Evaluation of Innovative Tools in Development of Antibiotics

Medical University of Vienna

Status and phase

Completed

Phase 1

Conditions

Pneumonia

Treatments

Drug: Ciprofloxacin

Drug: Imipenem

Study type

Interventional

Funder types

Other

Identifiers

NCT03177720

ELF Cipro

Details and patient eligibility

About

The investigators will determine the difference of pharmacokinetics of ciprofloxacin and imipenem between healthy volunteers and intensive care patients suffering from pneumonia in plasma and at the target site - lung - using bronchoalveolar lavage.
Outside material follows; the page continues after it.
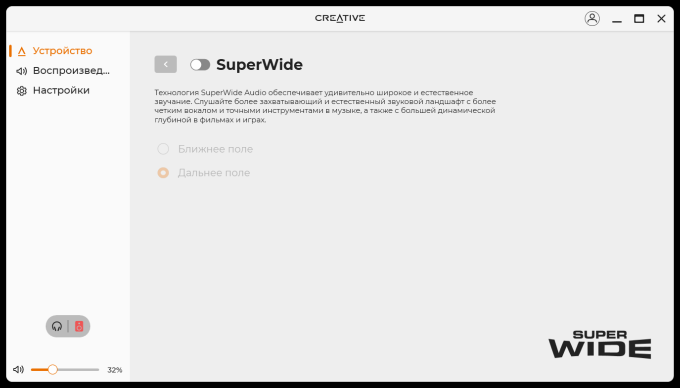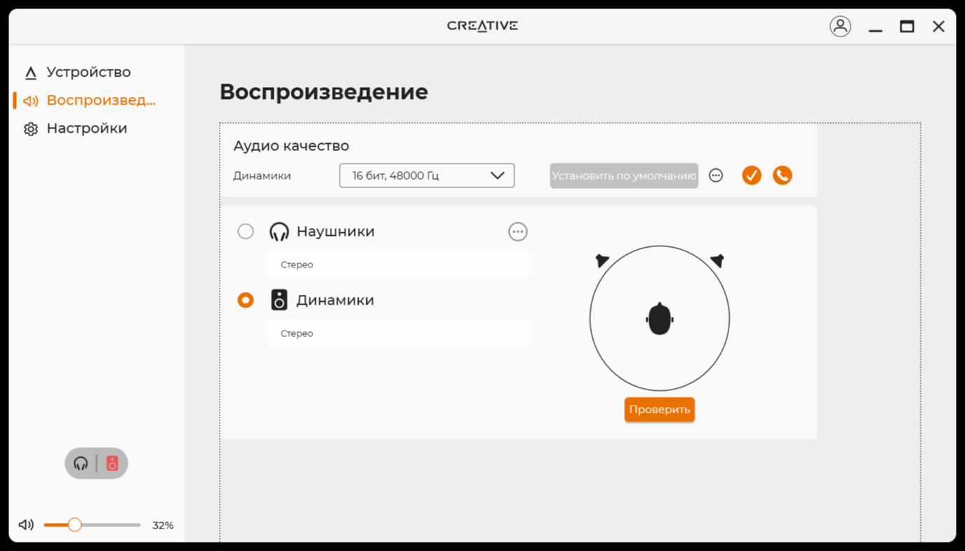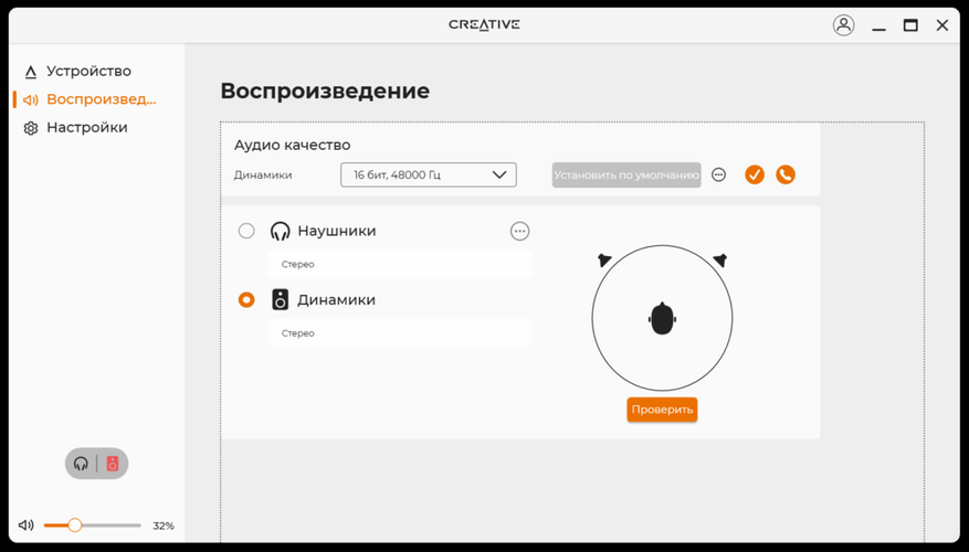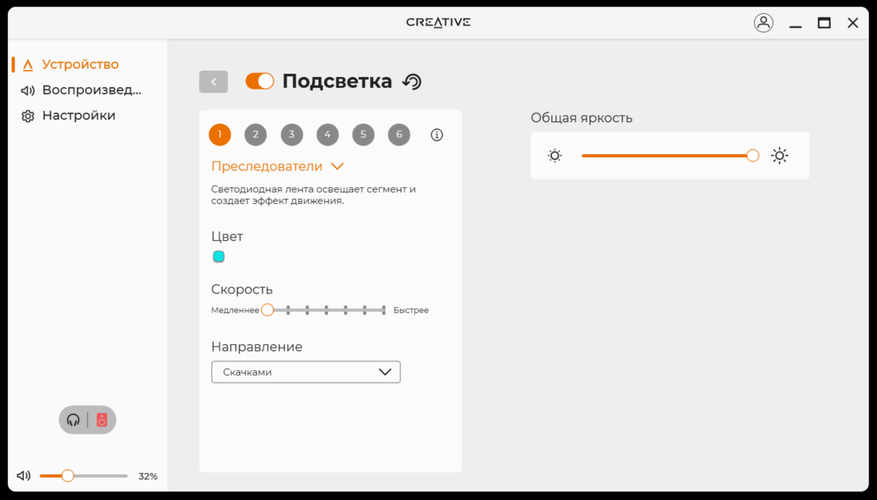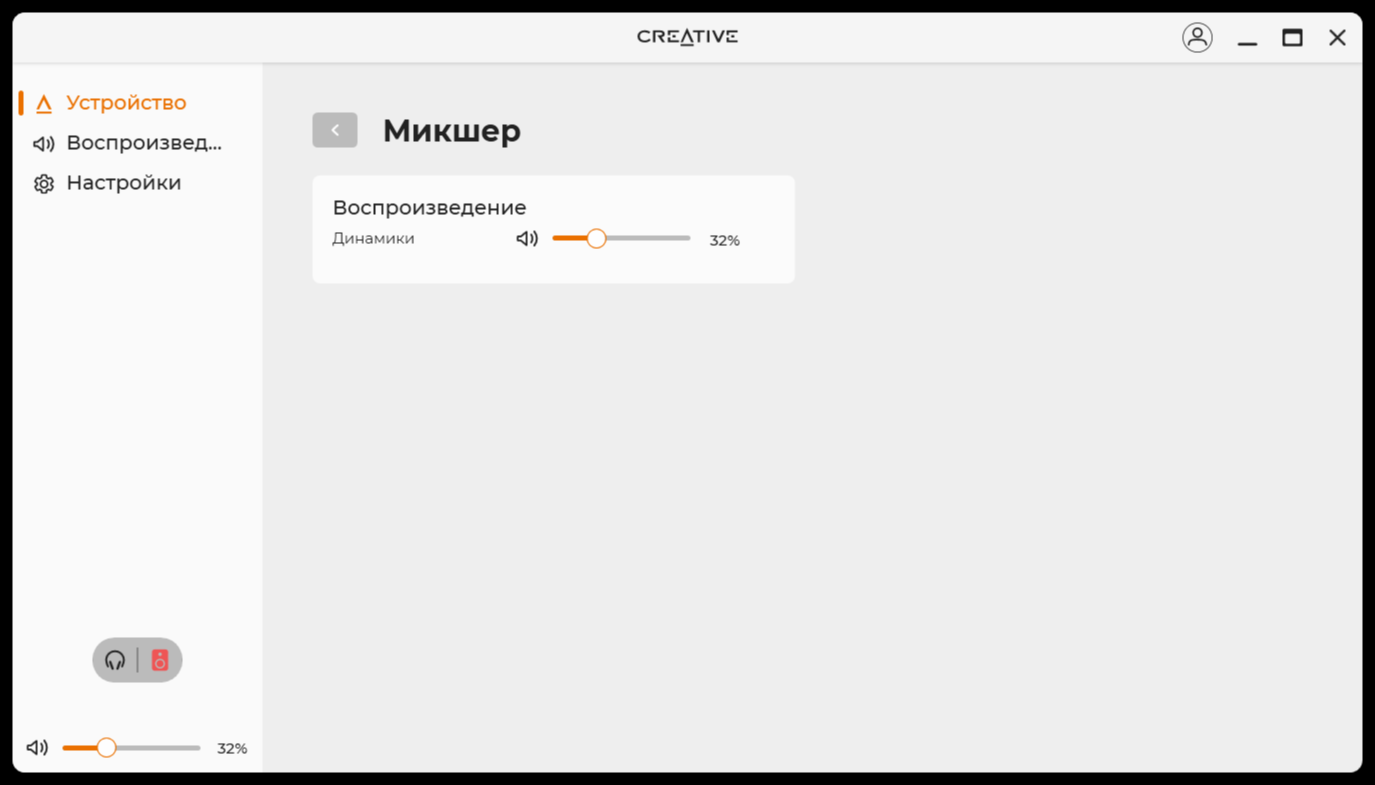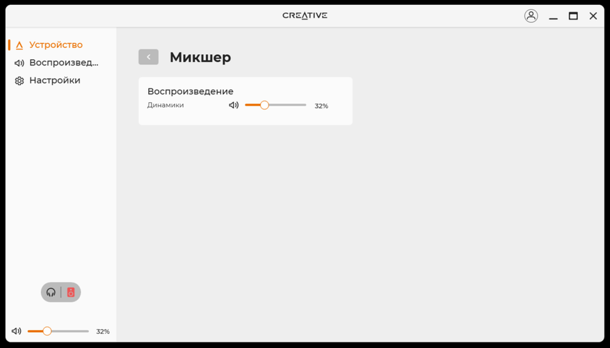 По большому счёту, программное обеспечение похоже на то, что поставляется к разного рода колонкам или наушникам. Кроме того, подобное ПО есть почти к каждому устройству Creative. После установки и запуска, сразу все полезло обновляться, включая прошивку. В нём есть базовая необходимая функциональность по настройке звука и в целом устройства. Я бы сразу начал с настройки эквалайзера или, хотя бы, использования готового профиля «музыка».
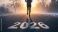 • A lone person jogs on a dark asphalt road marked with the year 2026, heading into a warm, foggy sunrise over a winter landscape.

As additional aspect the feasibility of combining microdosing of C14 ciprofloxacin with microdialysis, saliva sampling and bronchoalveolar lavage is studied by comparing pharmacokinetics of microdose and macrodose.

Enrollment

10 patients

Sex

All

Ages

18+ years old

Volunteers

Accepts Healthy Volunteers

Inclusion criteria

Healthy male subjects aged 18 to 55 years
Good state of health (mentally and physically)
Body mass index within a range of 18 to 28kg/m2 inclusive.
Non-Smoker
A signed and dated written informed consent form.
The subject is able to understand and willing to comply with protocol requirements and timetables, instructions and protocol-stated restrictions.
Negative serology (human immunodeficiency virus, hepatitis B-AG and C-AB) at screening.
Vital signs should be within the following ranges:
Oral or tympanic temperature between 35 and 37.5°C.
Systolic blood pressure, 90-140 mmHg.
Diastolic blood pressure, 50-90 mmHg.
Pulse rate, 50-90 bpm.

Exclusion criteria

Any acute or chronic illness or clinically relevant (Investigator's judgement) abnormality identified on the screening medical assessment, laboratory tests or ECG, unless in the opinion of the Investigator it will not interfere with the study procedures, affect the outcome of the study or compromise the safety of the subject.
All subjects with known seizure disorder, with the exception of a febrile seizure in childhood
Use of prescription or non-prescription drugs within 7 days or 10 times the elimination half-life (whichever is longer) prior to the first dose of study medication.
Any intake of grapefruit juice within 1 week prior to the first dose.
Allergies (except for mild forms of hay fever), a history of hypersensitivity reactions including psychological or neurological symptoms or signs, or anaphylactic shock following administration of any medicine.
Allergy to or any contraindication against the active or inactive ingredients in the study medication (ciprofloxacin, imipenem, cilastatin, propofol, midazolam, remifentanil, xylocain, and sevoflurane) and radioactive labelling with 14C.
Smoker
Alcohol or drug abuse
Participation in a trial with any drug within 30 days or five half-lives (whichever is longer) before the start of the study.
Donation of blood within a period of 4 weeks prior to dosing.
Creatinine clearance ≤70mL/min/1.73m3
Any other reason that the Investigator considers to make the subject unsuitable to participate.